Accordingly, the additional cache memories not only have 
simple cache memory block management implemented via the 
states M, E, S, and I, but rather combined state management 
between each additional cache memory and/or the cache 
memories of the individual processors is implemented. This 
combined state management is shown in the expansion of the 
MESI states of the cache protocol of the additional cache 
memories. The advantage is that an increased number of 
update requests in the direction of other points in the 
processor system may be saved, since on the basis of the 
expanded MESI states, it may be decided beforehand that 
affected requested cache data blocks could not be at the 
other points in the processor system. The performance 
outlay which was required until now for these update 
requests is therefore now available to the processor system 
as usable performance.
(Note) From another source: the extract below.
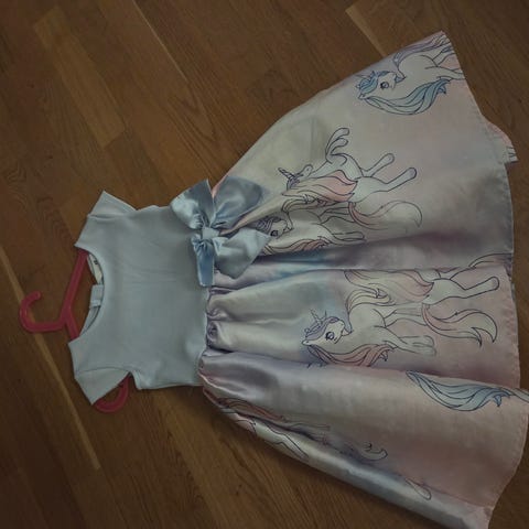 Tyttöjen juhlamekko, koko 110 cm. Alempi kangas ohutta laskeutuvaa satiinia, päällä yläosasta kirjailtu sifonki. Pari kertaa käytetty, siistissä kunnossa. Helman sifongissa pari pientä vaaleaa tahraa sekä yksi värittömällä kynsilakalla pysäytetty langanveto/reiän alku (ks kuvat). Hajusteettomalla pesuaineella pesty. Nouto Espoosta tai postit lisätään.

The performance capability of the 
processor system is thus increased. 

In addition, the circumstance that because of the expanded 
MESI states, some cases may again be decided, in which 
handling is necessary, but which may be fulfilled more 
rapidly overall, also contributes to an increase of the 
performance capability of the processor system. For 
example, there are cases in which, because of a preceding 
update request from a part of the processor system to an 
additional cache memory, a following update request 
performed by the additional cache memory to lower cache 
hierarchies is necessary. For example, so that an affected 
cache memory block is assigned the MESI state I. In the 
cases mentioned, because of the present expanded MESI 
state, it may be known that modified data is still to be 
transmitted previously by the affected cache memory block. 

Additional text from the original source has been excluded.